Problem abstract: field discovery and extract work great, but searching on extracted fields gives weird results.
Input stream: single-line events made up of unordered keyword/value pairs. Each pair has format KEYWORD^VALUE, where "^" is the K=V separator.
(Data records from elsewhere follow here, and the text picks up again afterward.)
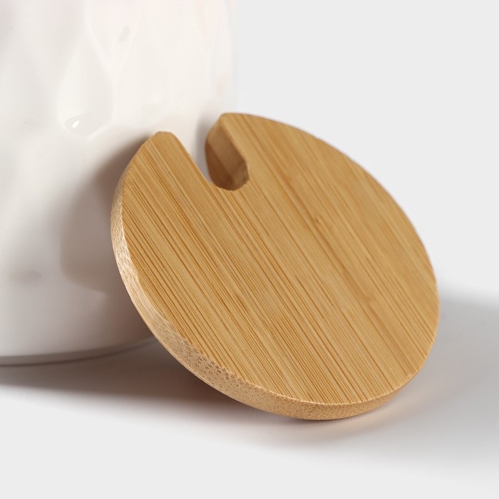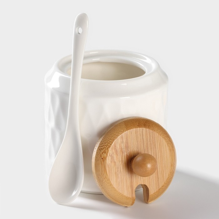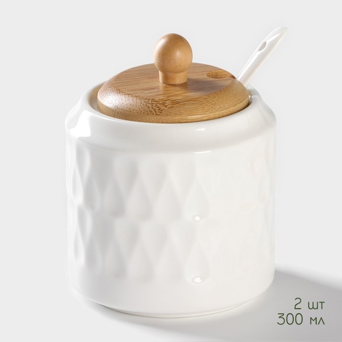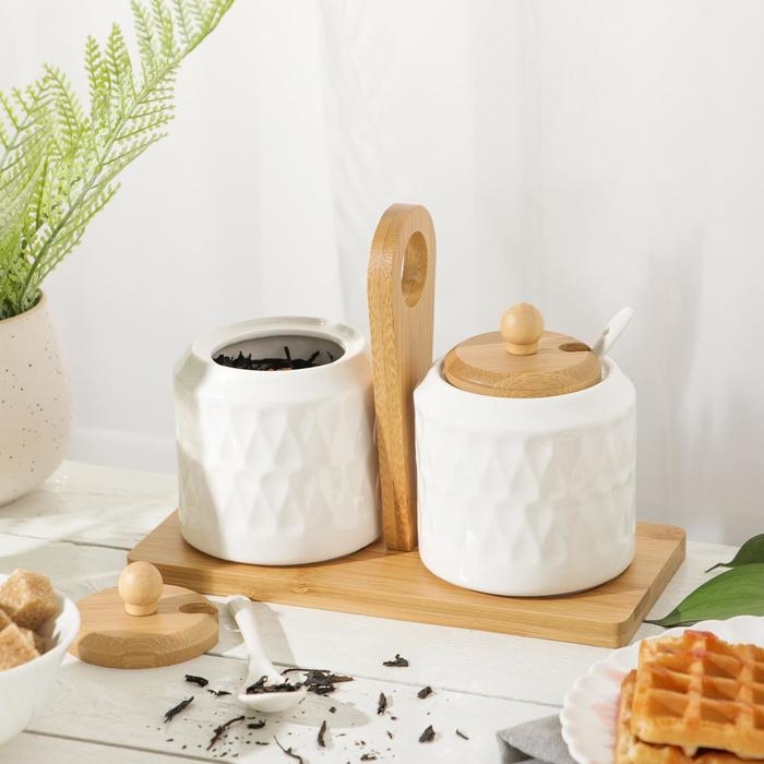 Набор банок фарфоровых для сыпучих продуктов с ложками на бамбуковой подставке BellaTenero «Герда», 2 предмета: 300 мл, цвет белый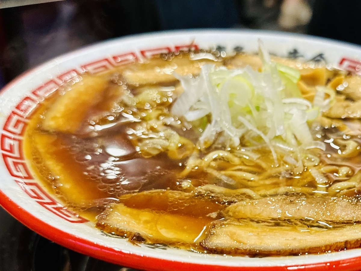 「肉盛り中華そば」のスープから〜こっちも変わらず美味しい!鶏ガラ、魚介出汁の奥深い旨味がしっかりとグリップしている!そこに濃い目の「醤油ダレ」が加わり「コク旨い」醤油ラーメンになっています!「白河ラーメン/福島」に負けない美味しさがあります。
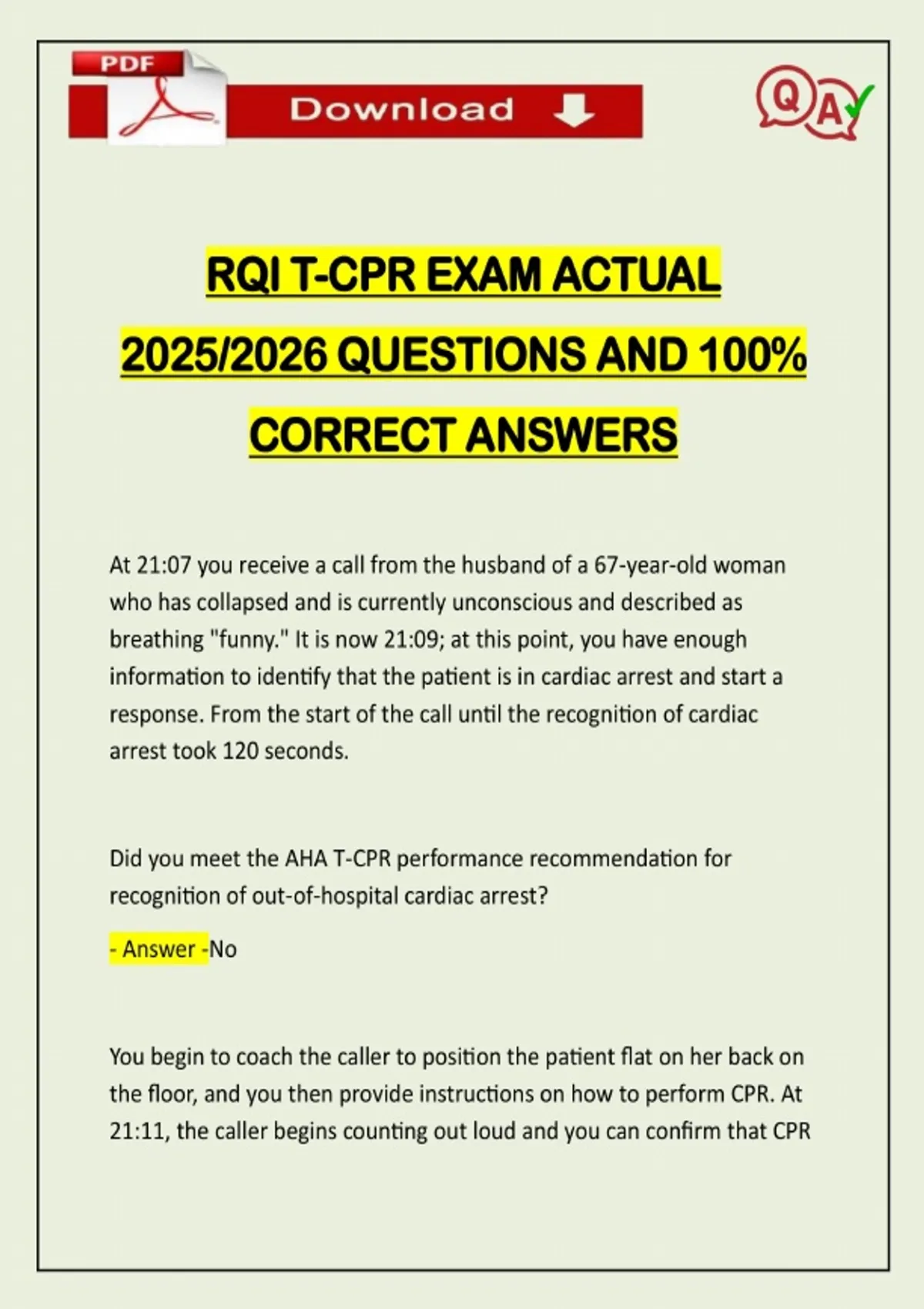 RQI T-CPR EXAM ACTUAL 2025/2026 QUESTIONS AND 100% CORRECT ANSWERS At 21:07 you receive a call from the husband of a 67-year-old woman who has collapsed and is currently unconscious and described as breathing "funny." It is now 21:09; at this point, you have enough information to identify that the patient is in cardiac arrest and start a response. From the start of the call until the recognition of cardiac arrest took 120 seconds. Did you meet the AHA T-CPR performance recommendation for recognition of out-of-hospital cardiac arrest? - Answer -No You begin to coach the caller to position the patient flat on her back on the floor, and you then provide instructions on how to perform CPR. At 21:11, the caller begins counting out loud and you can confirm that CPRNeed assistance on Online classes, Exams & Assignments? Reach out for instant help!! Full Course Assistance, Plagiarism-free Essay Writing, Research Paper, Dissertation, Discussion Posts, etc…. Confidential & Secure services. Tutors are available for all subjects! Email now at: compressions are being delivered. From the start of the call until the first compression was delivered took 240 seconds. Did you meet the AHA T-CPR performance recommendation for delivery of the first T-CPR-directed chest compression? - Answer -No

Pairs are delimited by 0x1F. One example event is below:
action_forunit^n/a\x1Faction_type^action_execute\x1Fresource_id^ELFVIEW\x1FappId^ERD\x1Fresource_currency^USD\x1FcorrId^0\x1FtimeStamp^1378492210757\x1FeventType^3000\x1Faction_foruser^InformDeveloper\x1Fhostname^rsomdavecs01\x1Fresource_amount^0.0\x1Faction_forcustomer^n/a\x1Faction_foraccount^n/a\x1Faction_forregion^n/a\x1Faction_forgroup^unknown\x1Fresource_info^n/a\x1Fresult_info^n/a\x1Faudit_level^1\x1Faction_info^Performing doGet() of the MainServlet\x1FcomponentId^ELFView\x1Fresource_name^ELF View Web Application\x1FsessionId^N/A\x1Fresource_idtype^product_code\x1Fresult_type^result_success\x1Fresource_type^resource_product\x1F
Note: The sequence "\x1F" above represents a single byte 0x1F, as represented in Splunk search, but have verified actual 0x0f using hex dump.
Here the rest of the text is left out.